Archive for the ‘Research’ Category

ICT Workshop on Overlap in Human-Computer Dialogue and Semdial 2011

Thursday, September 29th, 2011

Sorry, this title is a mouthful. I spent the week from October 19th-23rd 2011 at the offices of the good folks at ICT in Los Angeles who organized the aforementioned workshop co-located with Semdial 2011 “Los Angelogue”, held there that same week. Many thanks to all the wonderful, busy people who made it happen.

The workshop’s main theme, “overlap”, describes a set of less-studied sets of behavior in human-human (and human-machine) dialogue. While there’s general agreement that humans do not speak at the same time very often, interesting things do happen when they do. These, the workshop tried to describe, classify and tie into more abstract dialogue-related themes. Notably, back-channels, interruptions (competitive and cooperative), side-talk and turn-taking events were a recurring theme.

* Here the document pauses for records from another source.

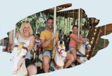
Le Carrousel 1900
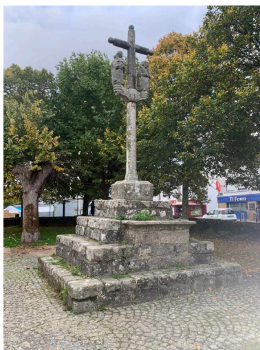
Croix monumentale sur le parvis de l'église Notre- Dame-De-Lorette, Lanriec IVR53_20232905717NUCA
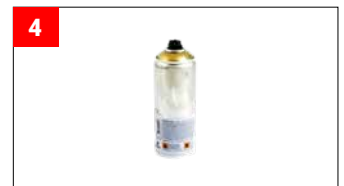
1x Schutzlackspray 1x Protector paint spray
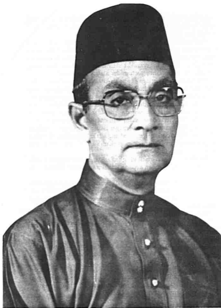
Allahyarham Tun Hussein bin Datuk Onn
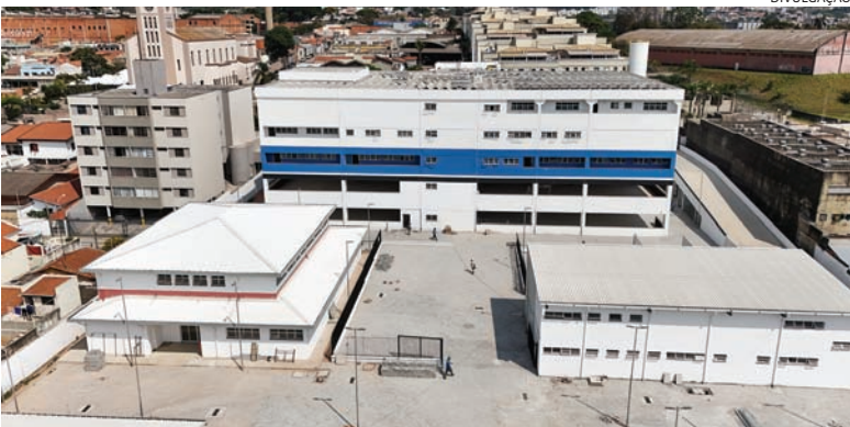
O Centro Integrado de Emergência e Segurança, na Vila Rami, é uma das obras

so - que será entregue no dia 14 de dezembro, aniversário de Jundiáí - e o Centro de Excelência do Basquete, na região da Vila Rio Branco, além da ampliação da avenida Frederico Ozanam. Esta última região foi a que bateu recorde de recursos, com R$ 245,6 milhões investidos no novo complexo viário. Cidades 5
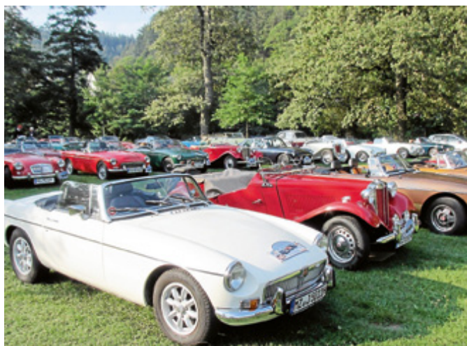
Fast 50 Fahrzeuge waren auf der Murginsel zu besichtigen.
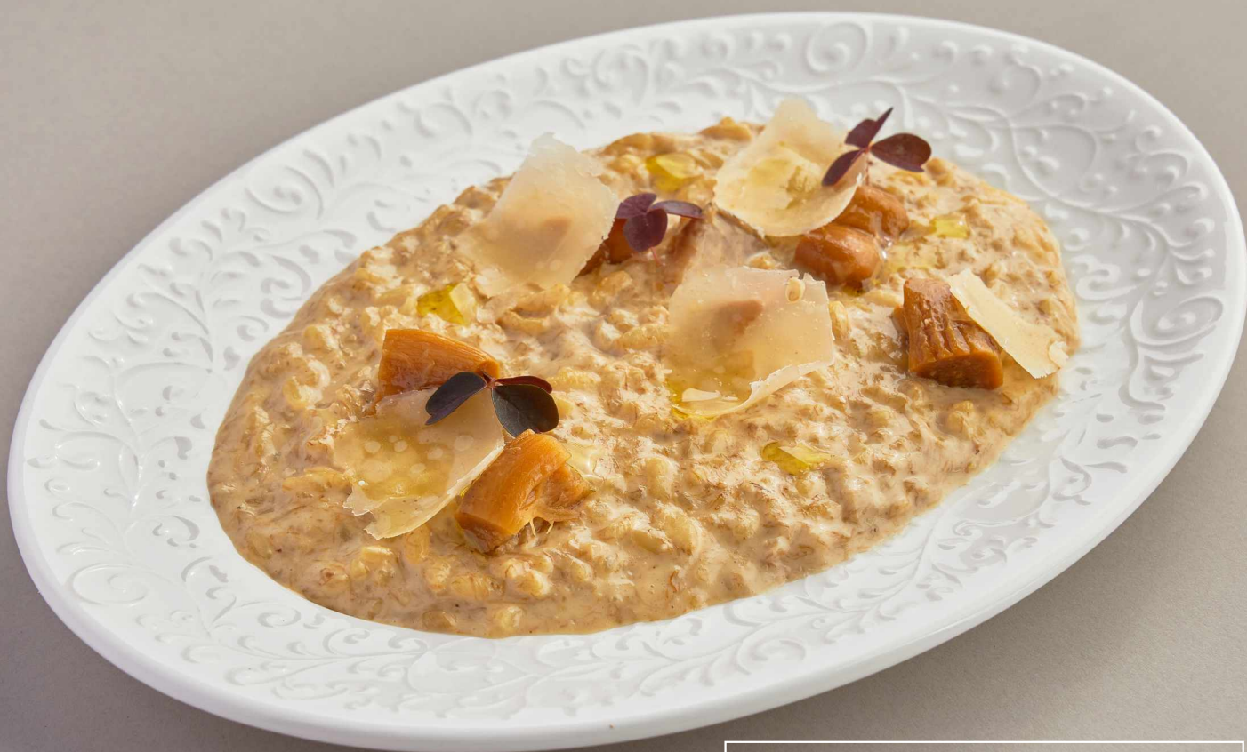
Ризотто с белыми грибами 1050 Risotto with porcini mushrooms 380r
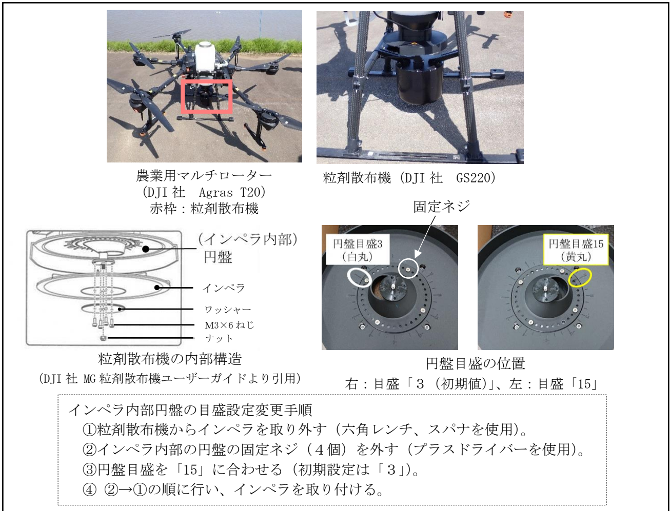
図1 粒剤散布機 (DJI 社 GS110、GS220 等) におけるインペラ内部の円盤目盛の変更方法

The workshop consisted of a number of breakout sessions, in which focused on specific aspects of these issues. Our 2nd day group, for instance, tried to account for turn-taking behavior, i.e. how dialogue participants make decisions about when to speak next, in terms of avoiding or initiating overlap. As an example, we used the following “pre-linguistic” behavior:

I’m not sure we solved the problem even for a set of dialogue acts consisting of DADA, STOMP and LAUGH, but there was generally consensus that somehow the desire to speak next (i.e. having something to say) and the utility to start talking should somehow be maximized at any given moment. Whether the two should come from a joint utility function was left open.

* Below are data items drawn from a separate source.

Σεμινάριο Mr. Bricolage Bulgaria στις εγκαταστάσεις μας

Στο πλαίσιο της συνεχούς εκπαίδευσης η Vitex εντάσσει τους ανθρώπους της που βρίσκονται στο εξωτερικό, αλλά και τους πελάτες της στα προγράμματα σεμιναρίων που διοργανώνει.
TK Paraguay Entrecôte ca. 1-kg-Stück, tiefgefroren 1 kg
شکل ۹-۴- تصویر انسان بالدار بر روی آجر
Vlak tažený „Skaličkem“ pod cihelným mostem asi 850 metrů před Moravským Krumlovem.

A recurring question was of what use of low-level “overlap” phenomena – especially back-channels, like “yeah”, “ok”, “mhm”, “uh” indicating (non-)understanding – are in modeling higher-level aspects of discourse, such as grounding. “Of little use” may be supported by such observations that speakers do not generally consciously remember producing such short utterances, indicating their more or less reflexive nature. “Of much use”, in turn, is the observation that such phenomena often occur at specific and (semantically/informationally) relevant points in conversation, indicating that they are useful for grounding information.

Following the workshop, Semdial offered a broader view of Semantics in Dialogue, from psycho- and developmental linguistics, formal semantics and human-machine dialogue research. Keynote speakers Patrick Healey, Jerry Hobbs, David Schlangen and Lenhart Schubert exemplified this range. Jerry Hobbs’ talk in particular contained a number of observations, arrived at by analysis of a three-party meeting-schedule dialogue, that left me with ideas to try out in my own dialogue system implementation.

Firstly, his observation is that such dialogues largely follow an ordered, task-specific breakdown of steps towards a high-level goal (finding a suitable scheduling arrangement). “Violations” of this order occur when relevant partial tasks were not recently ratified or were important and thus merited revisitation. (“Violation” is his term, though it seems to indicate that the order is somehow prescribed, though it is not clear by whom/what. “Revisitation” is more apt I believe.) This finding I take as a good indication that my own dialogue management approach in terms of hierarchical discourse units (that encode “order” in a similar fashion) is on the right track (see my own Semdial contribution for details.)

Secondly, a more low-level analysis of the types of questions posed during the scheduling session indicates that, even though a large number of questions are either posed as explicit and implicit YesNo questions, or otherwise answerable by “yes” and “no”, a very low proportion of them is ever treated as such. Here I see a strong divergence between human-human and human-machine dialogues, as the latter explicitly makes use of YesNo questions to overcome technological shortcomings, e.g. pose them to avoid errors from speech recognition in order to produce more robust dialogues. Such “computer-speak” (“I think you said Boston. Is that right?”), of course, is perceived as unnatural by human users/subjects. Perhaps, instead, posing the more common type of YesNo question, i.e. one that is aimed at collecting actual information (“Do you know how you want to travel?”), in a spoken dialogue system can rehabilitate (or “even out”) the more explicit kind used in systems today. To be determined.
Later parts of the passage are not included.